Ousted from Big Easy, in limbo in Texas
Some who fled west after Katrina plan to go home to New Orleans; others feel they have to let go and move on
HOUSTON - Kemberly Samuels desperately wants to go back. Annie Johnson is determined to stay.
Both are evacuees who fled Hurricane Katrina-ravaged New Orleans in August for the relative calm and safety of the Houston area, 350 miles to the west. Six months later, they are among the 150,000 to 170,000 former New Orleans residents who remain - the largest number to settle in or around any city and roughly equal to the estimated 155,000 now living in New Orleans.
Their effect on Harris County, which includes the city of Houston, has been considerable. Apartments are filled; school rolls have swelled with 25,000 additional students; health and mental health services have been taxed almost to breaking; police have recorded an increase in crime; and volunteers have been working almost nonstop to help the newcomers, said Gloria Roemer, spokeswoman for Harris County Judge Robert Eckels, who oversees the country's third most populous county with 3.6 million residents.
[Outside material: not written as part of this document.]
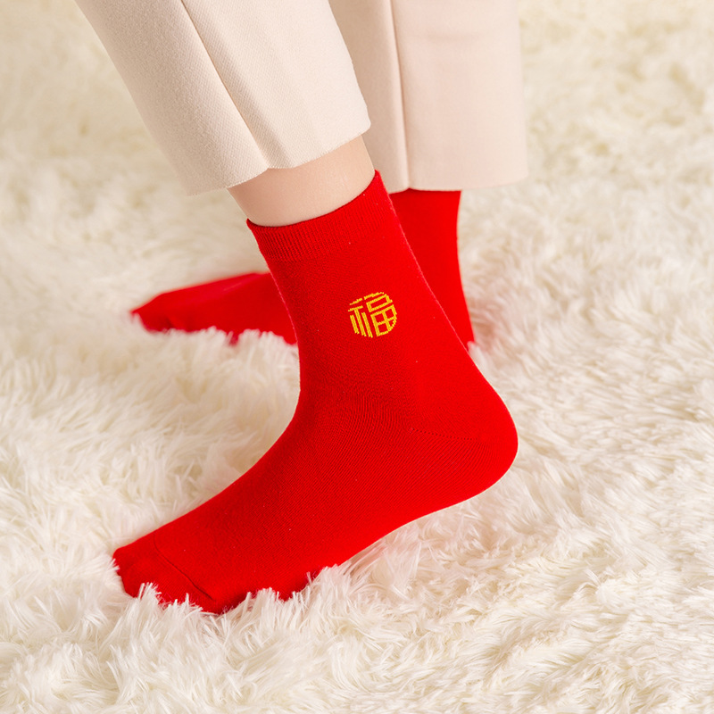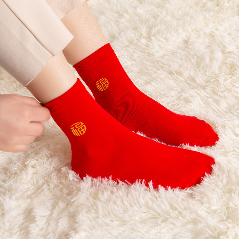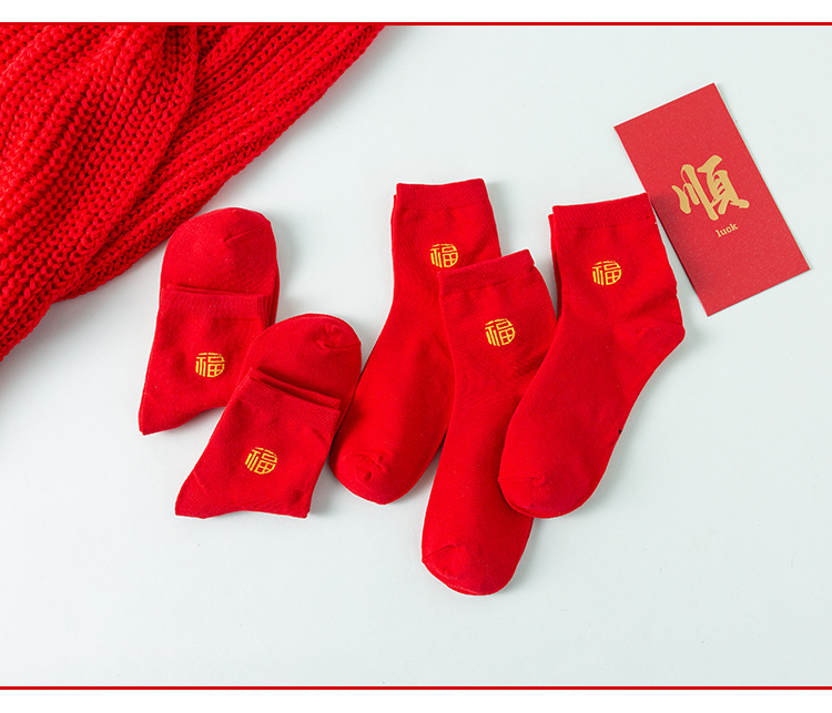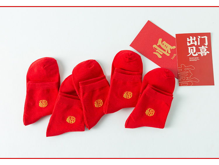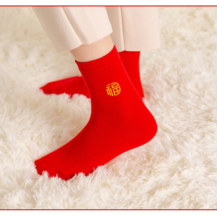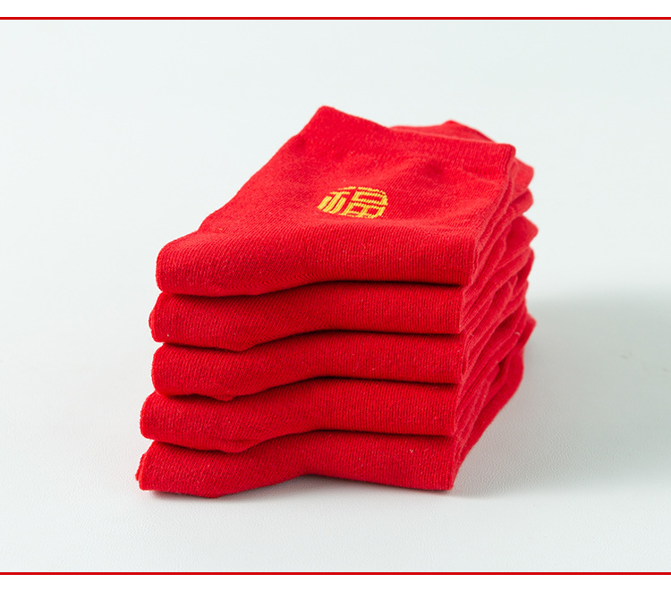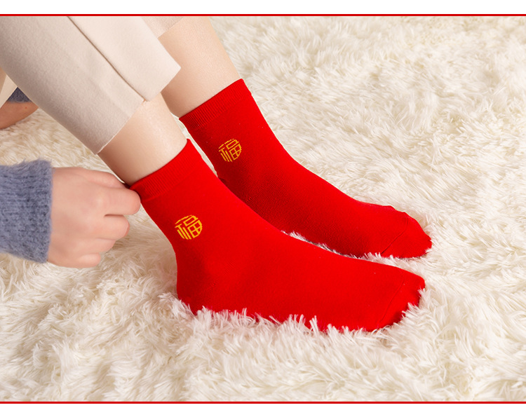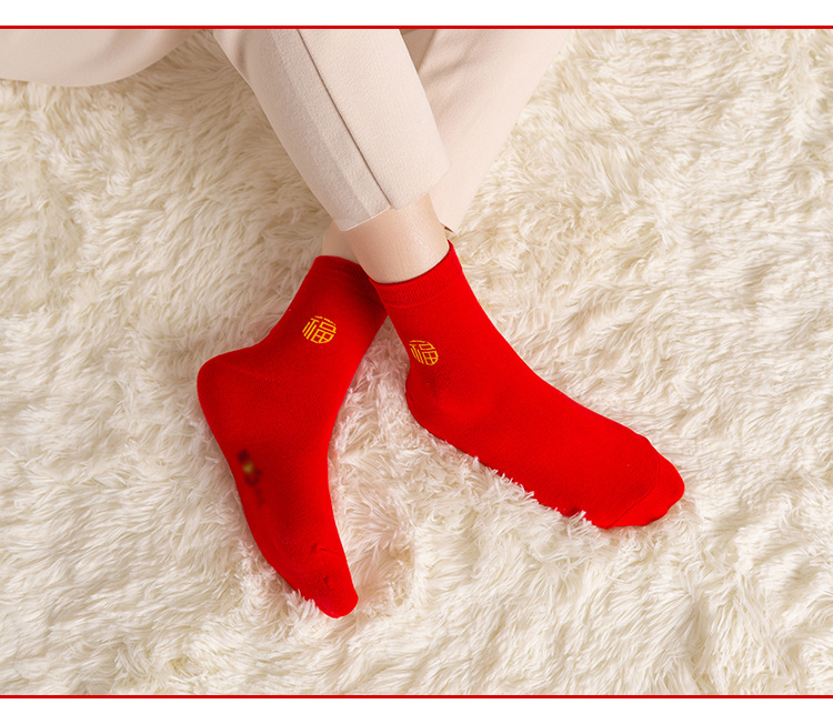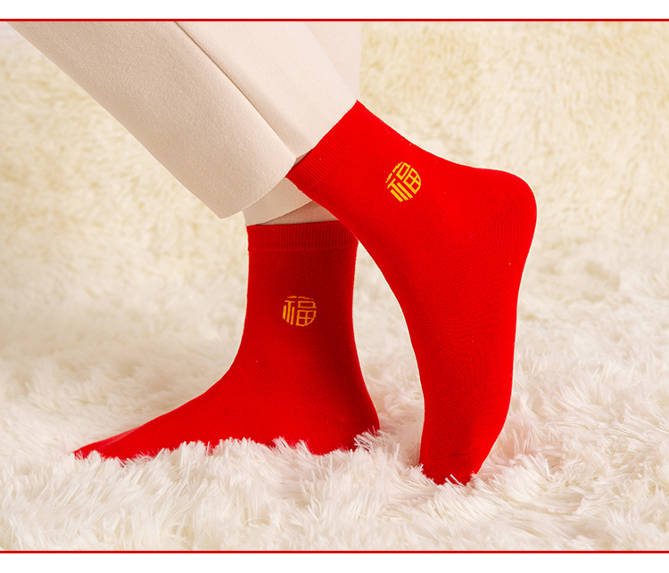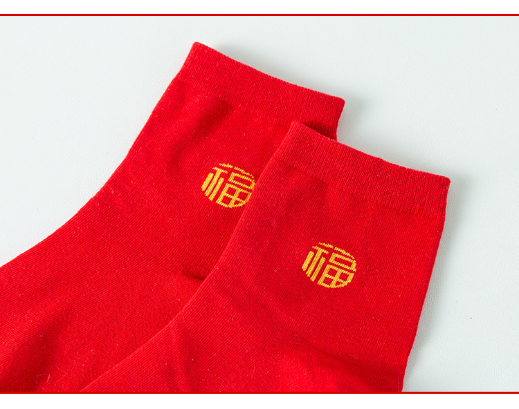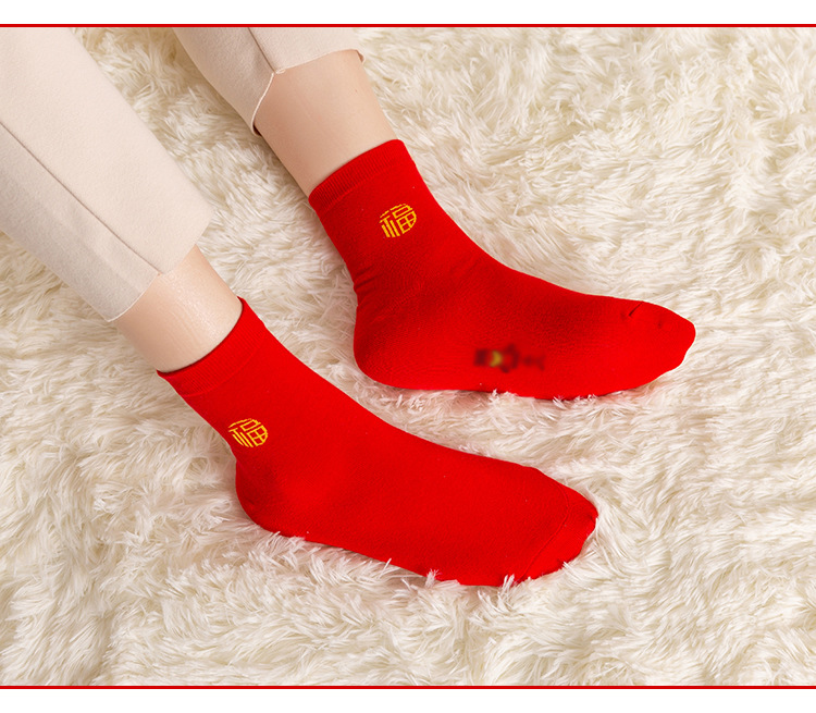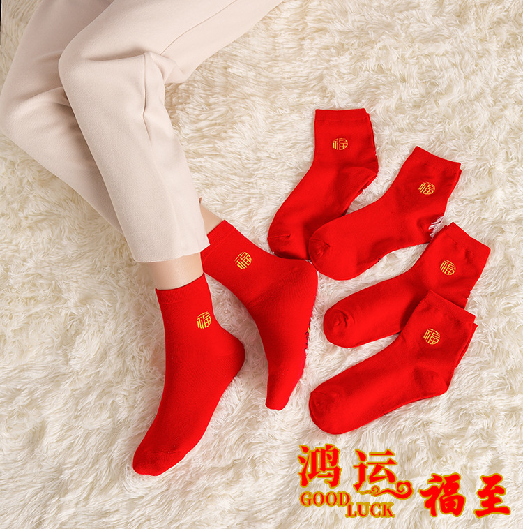 红袜子批发中筒棉袜秋冬款福字大红袜男女情侣喜庆本命年红色袜子

But clearly the greatest impact has been on the evacuees, who still struggle to come to terms with what they lost and to figure out how - and where - to build a future. Many have not found jobs, lack transportation in a city dependent on cars and worry about how they are going to keep their apartments once rent vouchers - given out by Harris County and the city of Houston using money from the Federal Emergency Management Agency - stop.
Uncertainty persists
Houston has guaranteed it will pay vouchers for another six months, although FEMA so far has not said it will reimburse the city for the full amount, Roemer said. But Harris County has not made the same promise, she said. Moreover, a recent Texas study found a shortage of apartments that most evacuees could afford once vouchers stop. This uncertainty only fuels the sense of the surreal for some.
"I feel like somebody dropped me down on Mars. I can't connect," said Samuels, who has been living in a two-bedroom apartment in north Houston since Dec. 1. The 52-year-old French teacher and administrator in an elementary school, who has a master's degree in special education, had worked for the same New Orleans school district for 33 years and was two years away from collecting her pension when Katrina struck. Abandoning their house in New Orleans' Ninth Ward, which she and her husband, MacArthur, had paid off, the couple and their daughter, Maya, 21, found themselves on a bus headed to Houston with little but the clothes on their back.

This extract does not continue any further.